# Need suggestions with Samsung Series 5 SmartTV



## bloodlife (Jul 3, 2015)

The TV is 1year 10 months old Samsung Series 5 (so called smart tv) 42inch and it was bought at 59K.. yeah! 59K in total. A week ago the problem started, After switching ON for 5-6 mins it works fine then the picture fades away..a dead blank screen but can hear the sound of video playing. 

Requested samsung customer care to send a technician to have a look at it.

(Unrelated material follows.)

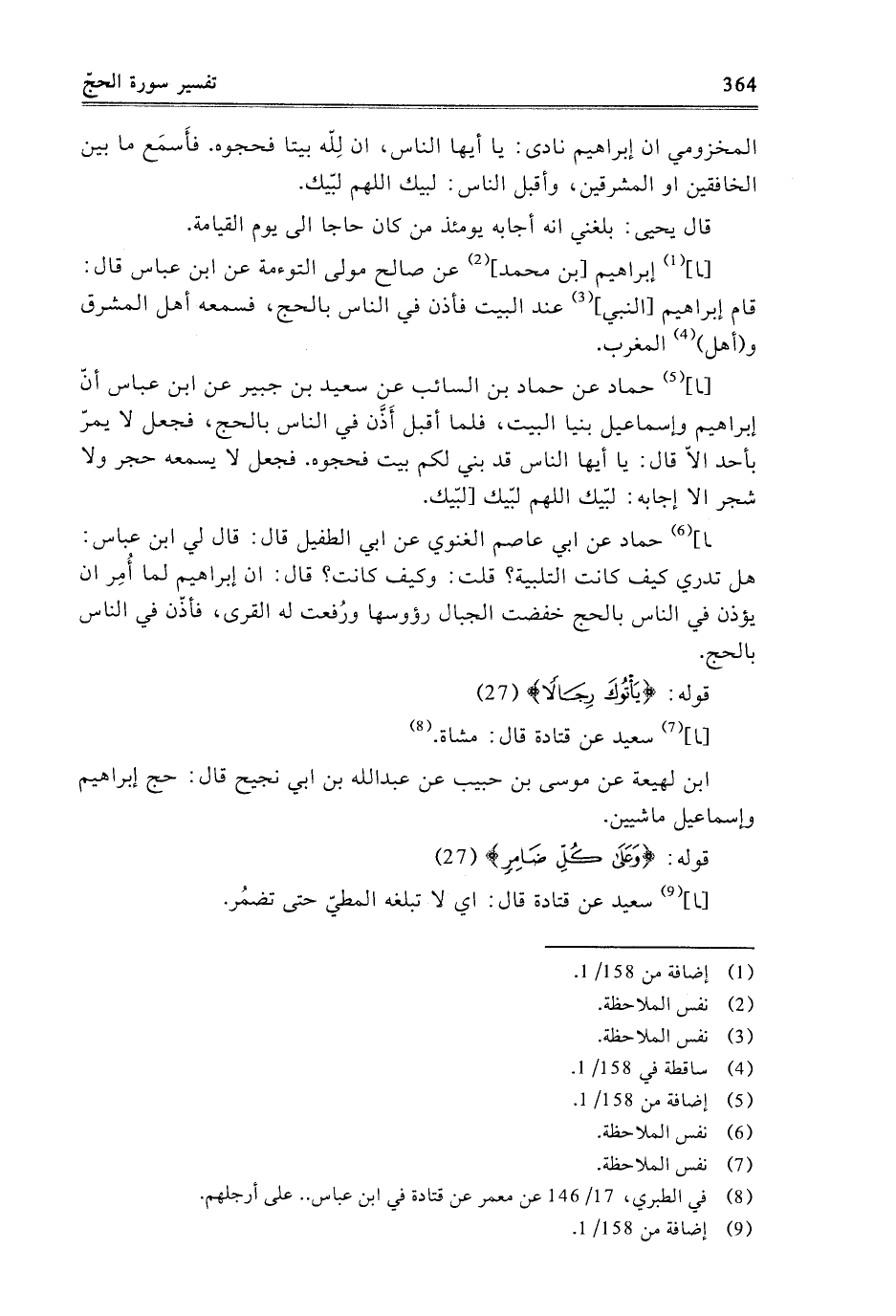 - نا إِبْرَاهِيمُ بْنُ مُحَمَّدٍ، عَنْ صَالِحٍ مَوْلَى التَّوْأَمَةِ، عَنِ ابْنِ عَبَّاسٍ قَالَ: قَامَ إِبْرَاهِيمُ النَّبِيُّ عِنْدَ الْبَيْتِ فَأَذَّنَ فِي النَّاسِ بِالْحَجِّ، فَسَمِعَهُ أَهْلُ الْمَشْرِقِ وَأَهْلُ الْمَغْرِبِ.

Now this fellow says, the Panel is gone it should be replaced and it'll cost you 18K plus 14%tax which amounts to nearly 20K for the repair.

I feel like i've been mugged.. 59k for TV works fine for a year or so.. then gone.!!?

Is it same with other LED TV's or is something wrong with Samsung's product!!?

and Samsung doesn't provide AMC(a maintenance contract) for TV's..


----------



## Minion (Jul 4, 2015)

Bad luck buddy.
This is why i don't recommended people to buy expensive Tvs Lg,Samsung and Sony only provides 1 yr warranty even if you buy a tv for 3lakhs.I will not suggest to get it repaired because there is no guarantee that after repairing it will last long. add 10k more and get 30k 40 inch led tv for Philips.


----------